The Iran Nuclear Deal: What Went Wrong?

In mid-2019, the maritime region of the Middle East known as the Strait of Hormuz, which connects the Gulf of Oman with the Persian Gulf, went from flashpoint to powder keg after a series of hostile actions undertaken by American and Iranian forces. Oil tankers were boarded or sabotaged, drones were brought down, and naval crews were just steps away from adopting battle quarters. Diplomatic relations between the United States and Iran have been strained for decades, but the escalation was alarming, and it can be traced to President Donald Trump’s largely unilateral decision to withdraw from the Joint Comprehensive Plan of Action, commonly known as the Iran nuclear deal, which had been in place since 2015.
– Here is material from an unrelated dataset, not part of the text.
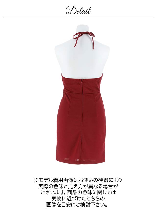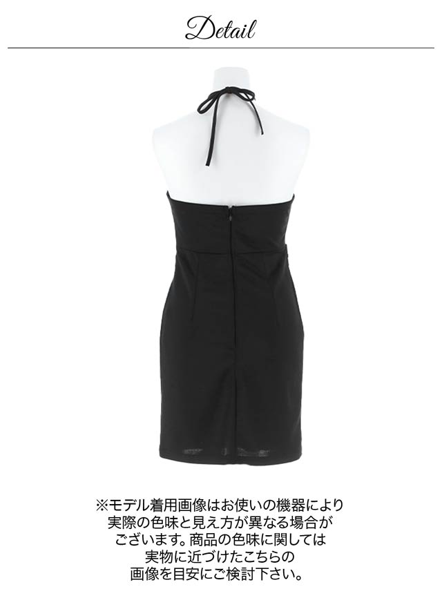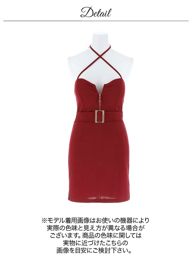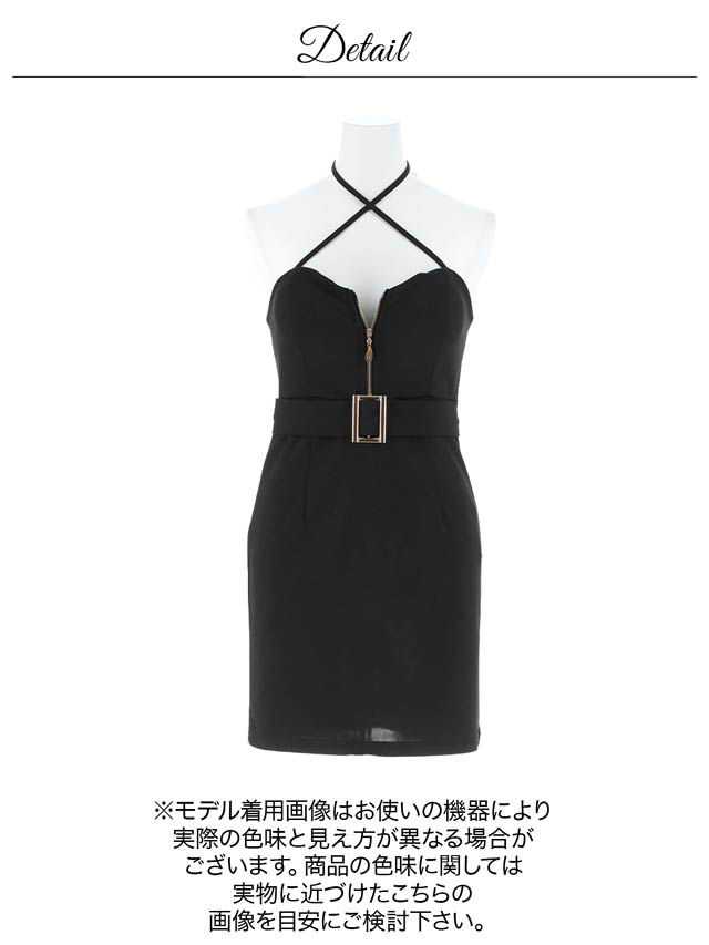>バストを強調するクロスホルターネック&フロントジップデザインがシンプルながらもセクシーさ抜群のミニドレス♪大きなバックルがアクセントになったハイウエストのベルトモチーフで脚長効果◎伸縮性のあるストレッチ生地で着心地も快適です。
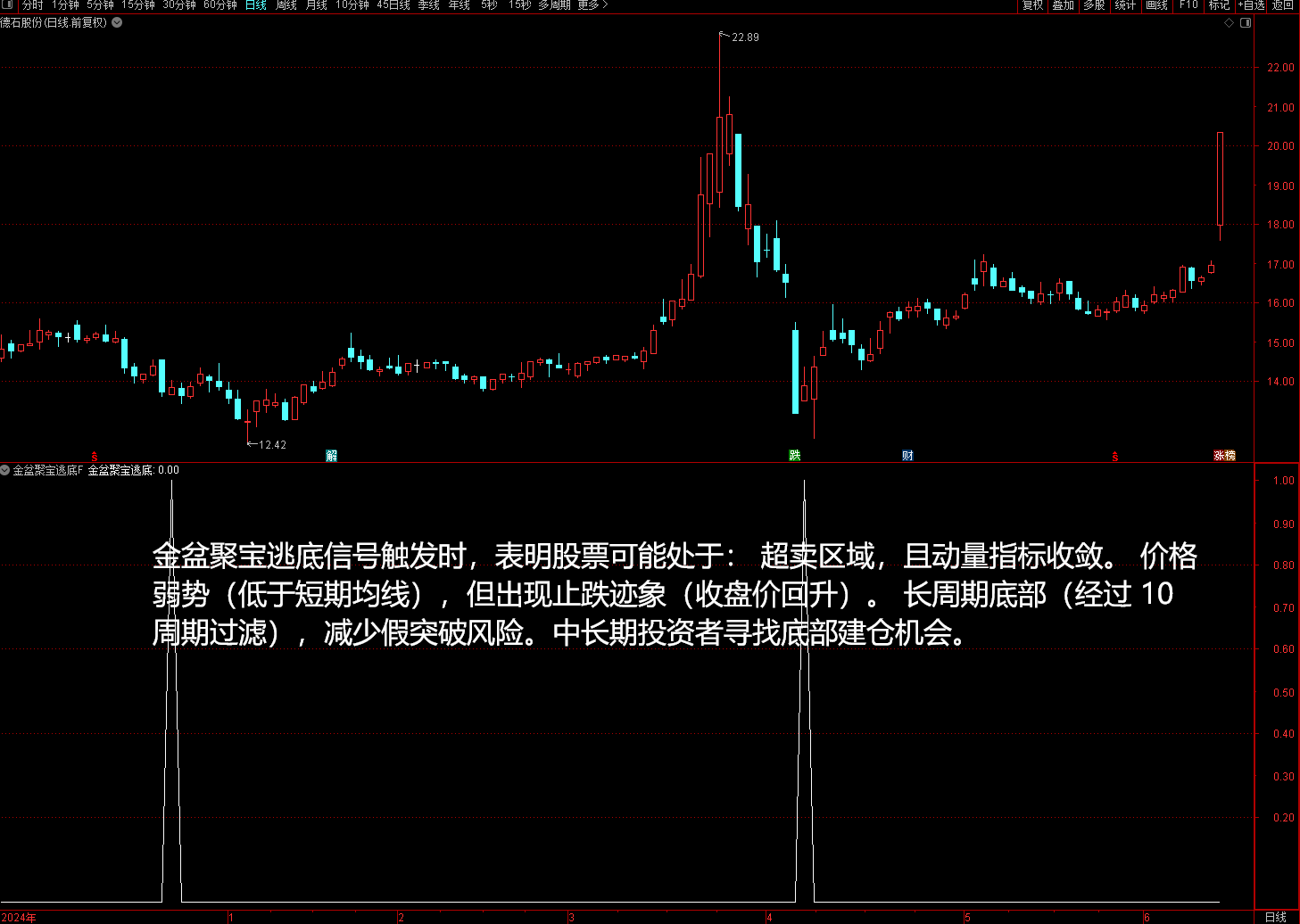 (通达信金盆聚宝逃底主要通过动量分析和价格关系来发现潜在的反弹机会)

While there are many pieces to the puzzle that the JCPOA has become since Trump decided to abandon it, Middle East experts such as energy attorney Amir Handjani have written extensively on the complexities of the situation, and we can deduce the following:

The Road to Non-Proliferation

Avoidance of nuclear proliferation is at the heart of the JCPOA, which took about two decades to reach the point of agreement. It should be noted that the parties to the negotiation included China, the European Union, and Russia. The most contentious parties were the U.S. and Iran because of international trade sanctions and debts owed from a weapons purchase deal that went sour decades ago. The goal has always been to convince Iran that giving up nuclear ambitions was tantamount to defusing tensions in the Middle East.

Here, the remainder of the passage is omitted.